Morgen ist der fünfte Tag des fünften Monats nach chinesischem Mondkalender, also Drachenbootfest! Und wir ihr ja mittlerweile wisst, liebe ich chinesische Feste, da diese oft mit Essen verbunden sind. Was die Jiaozi fürs chinesische Neujahr sind und die Mondkuchen fürs Midautumn Festival, das sind die Zongzi fürs Drachenbootfest. Zongzi sind kleine Tetraeder mit in Bambusblätter gewickelter Klebreisfüllung. Es gibt zwar laut Wikipedia die unterschiedlichsten Formen von Zongzi, ich habe bisher allerdings nur die Tetraeder gesehen.

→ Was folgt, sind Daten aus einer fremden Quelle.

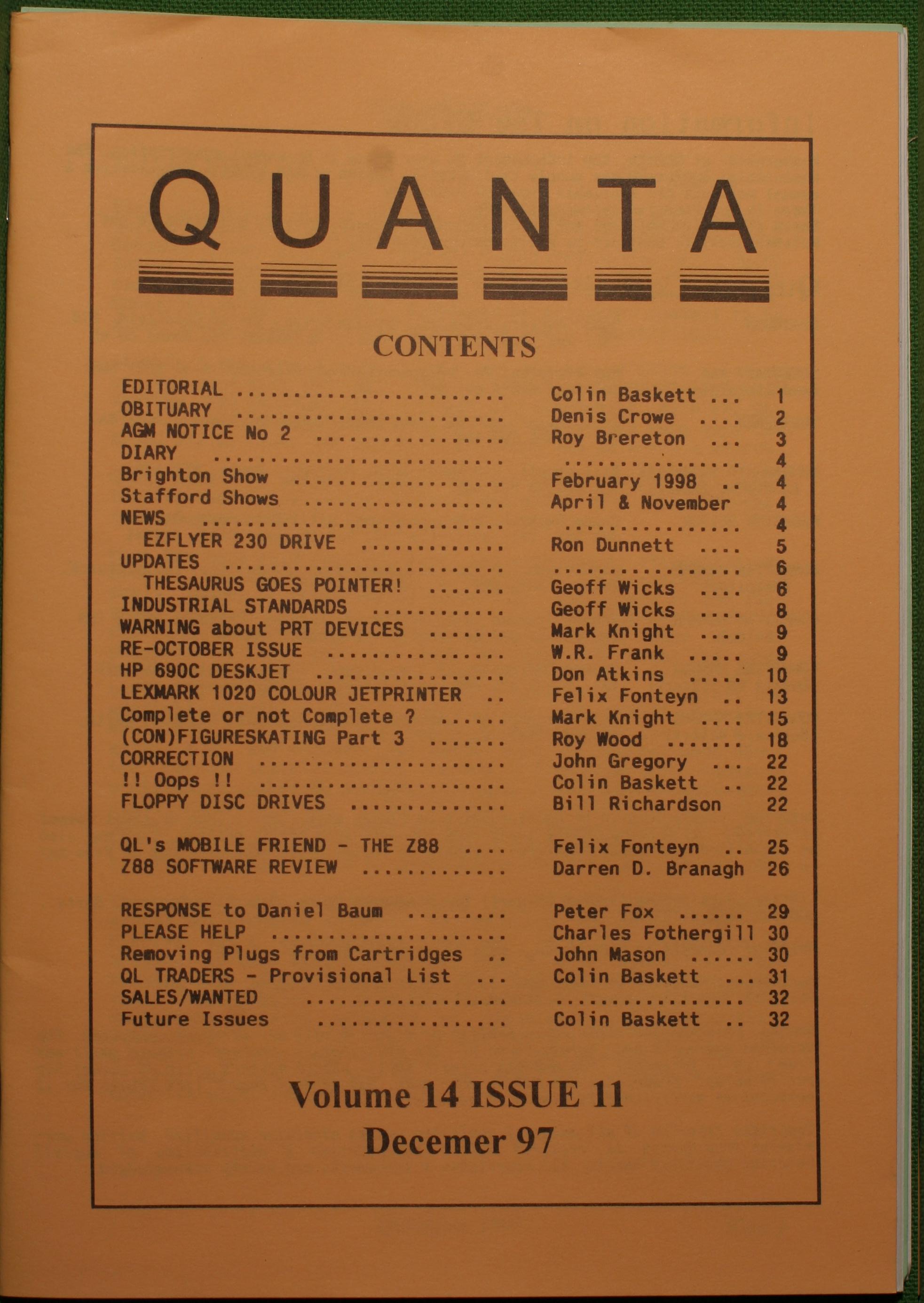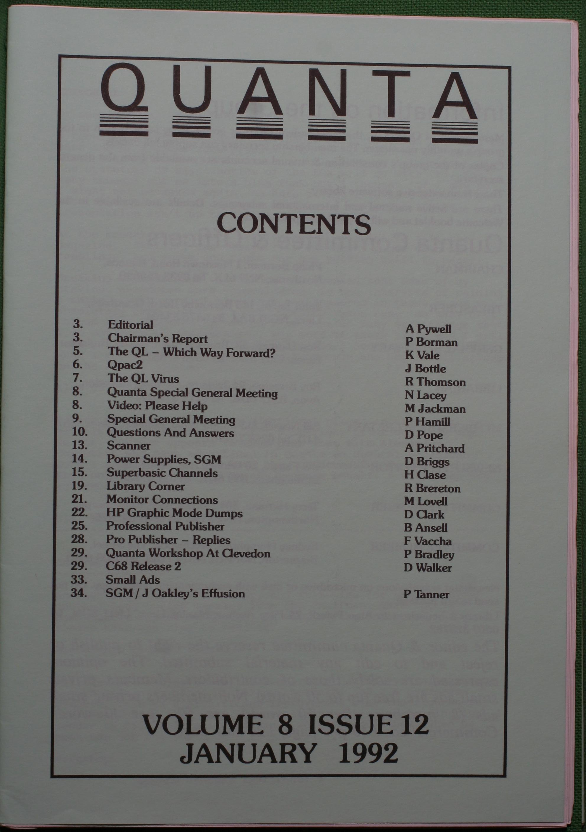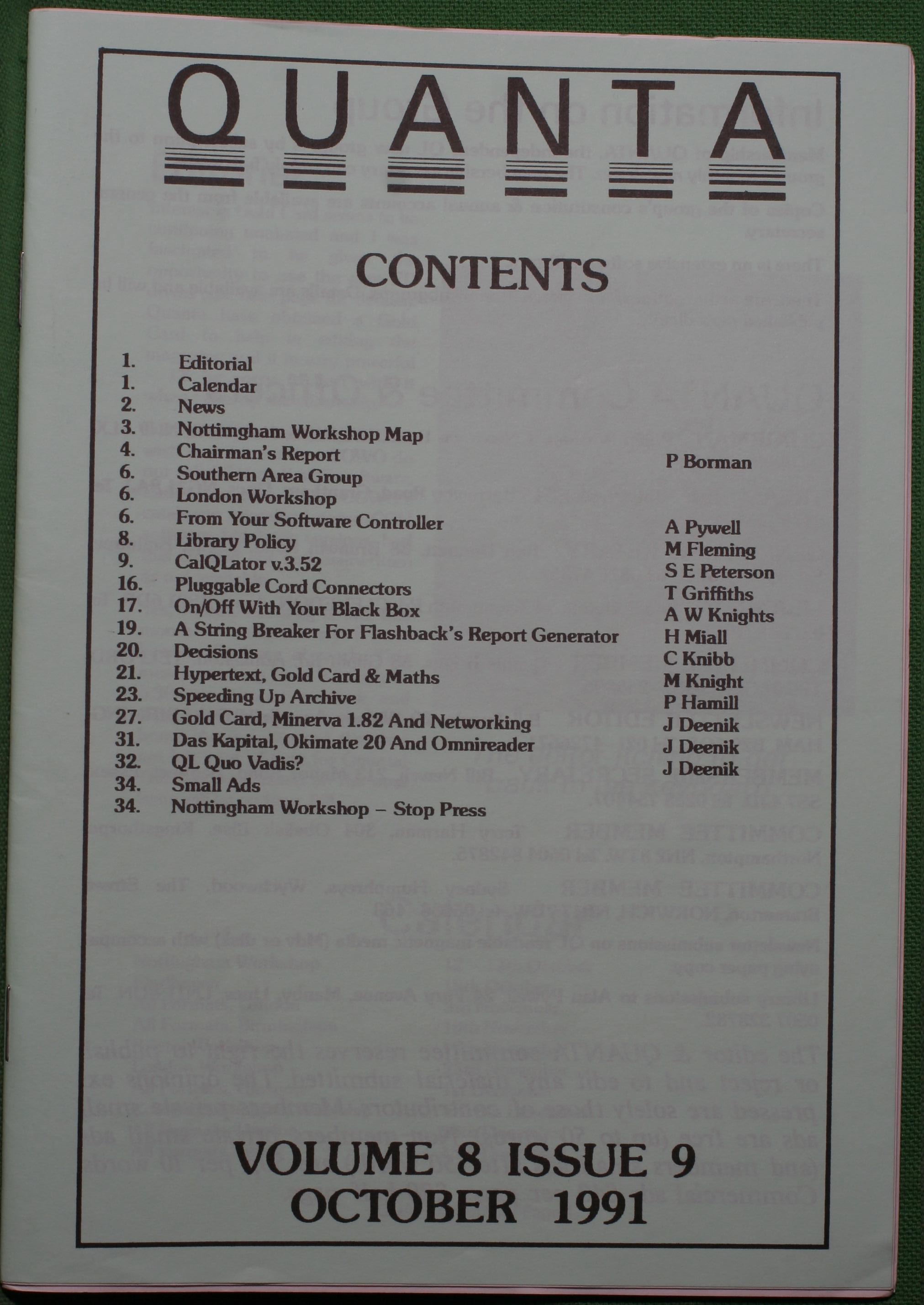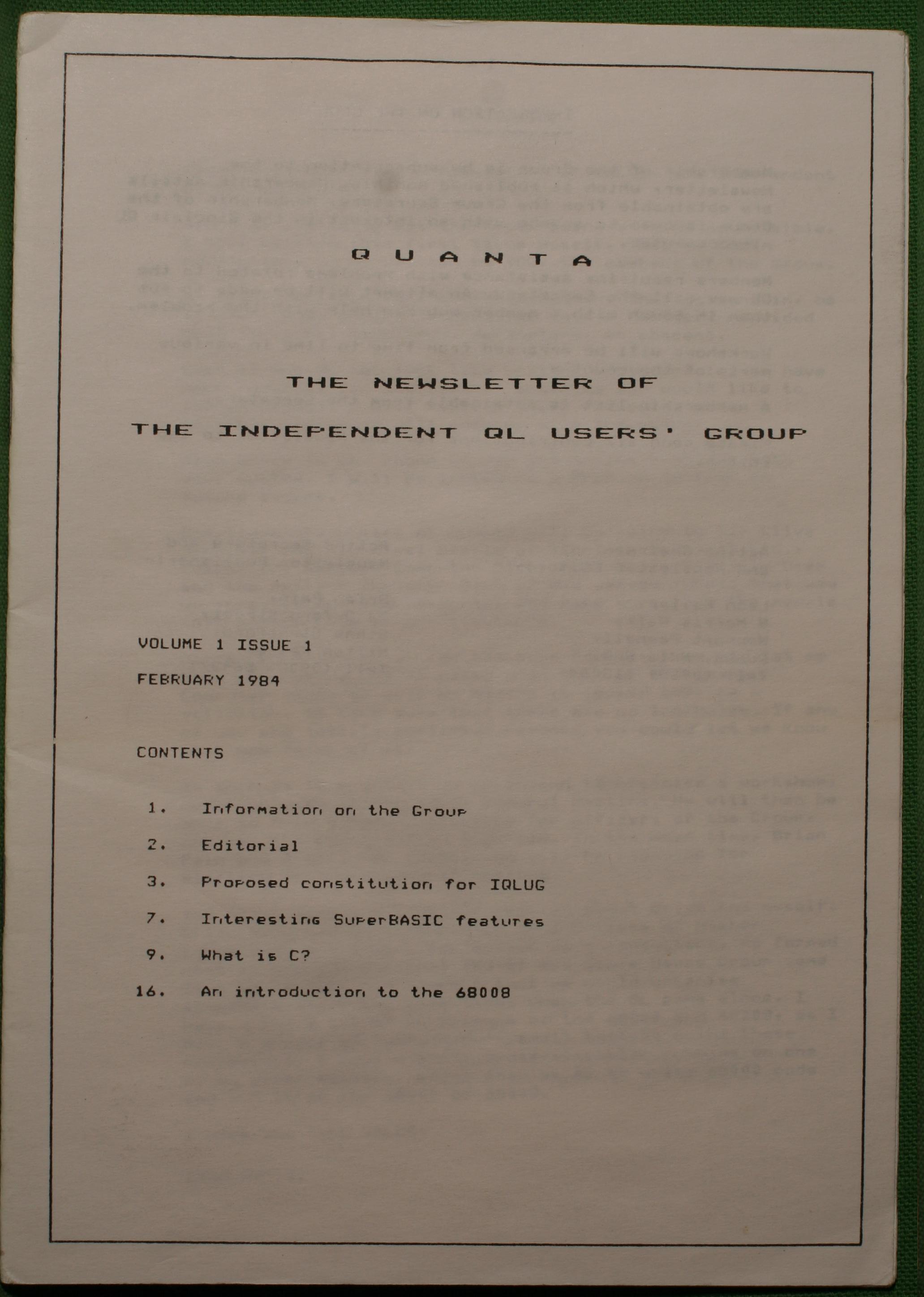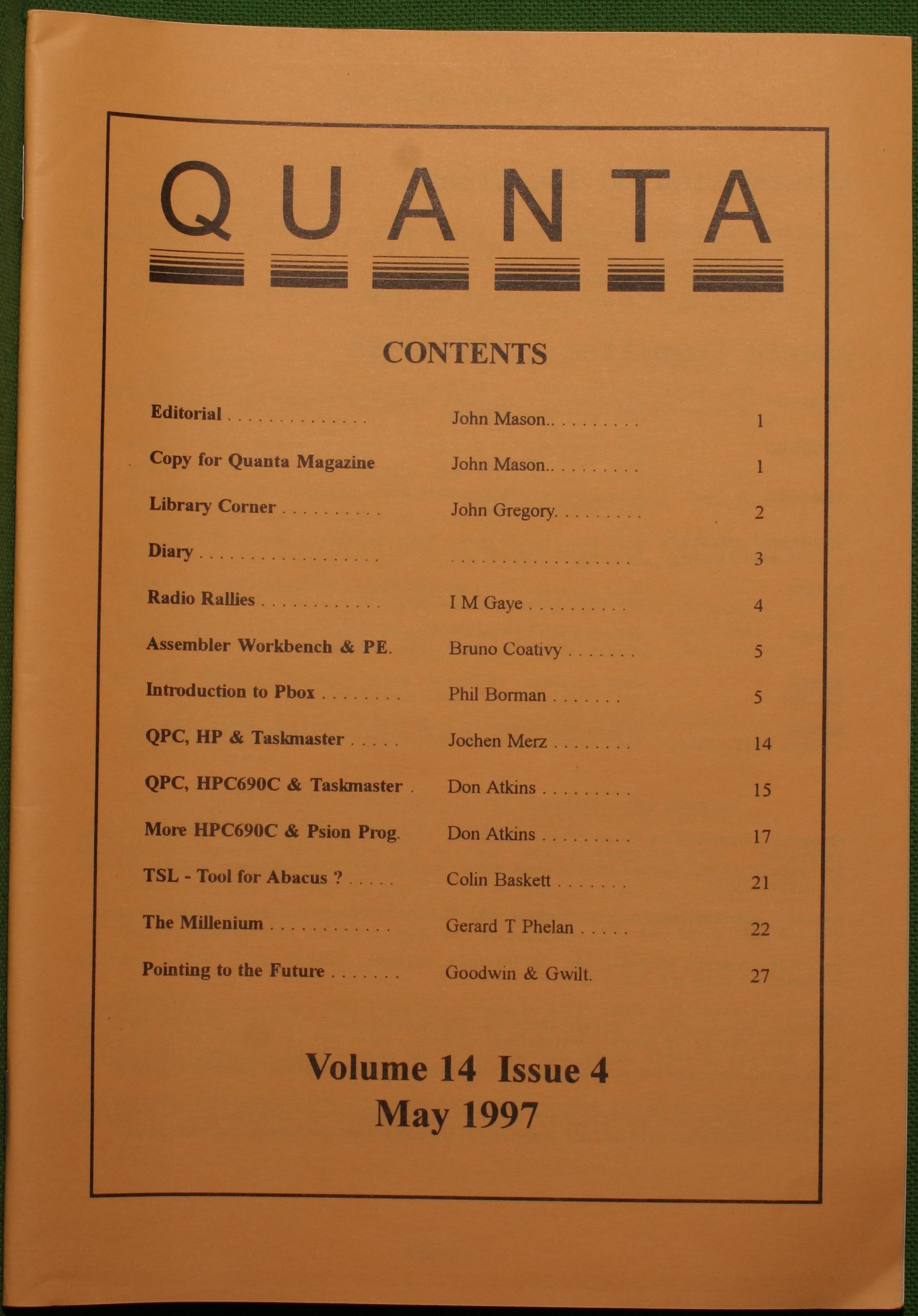 Quanta es el club de usuarios del ordenador Sinclair QL más importante del mundo. Se fundó más o menos al mismo tiempo que se comercializaba el ordenador. Tardé varios años en dicidirme en hacerme socio, pero cuando lo hice pedí todos los números atrasados de la revista. Dejé de ser socio cuando vi que mis pricipales intereses informáticos ya se habían desplazado hacia otros derroteros.

Muss wohl am hauptsächlich südchinesischen, bzw. taiwanesischen Einfluss liegen. Aber ich habe schon viele verschiedene Füllungen probiert, wobei diese oft herzhaft waren. Und natürlich immer lecker! Was ich allerdings noch nie zuvor in meinem Leben gemacht habe, ist selbst Zongzi zu packen (wortwörtliche Übersetzung aus dem Chinesischen 包粽子 bao zongzi). Dann wird es ja mal Zeit…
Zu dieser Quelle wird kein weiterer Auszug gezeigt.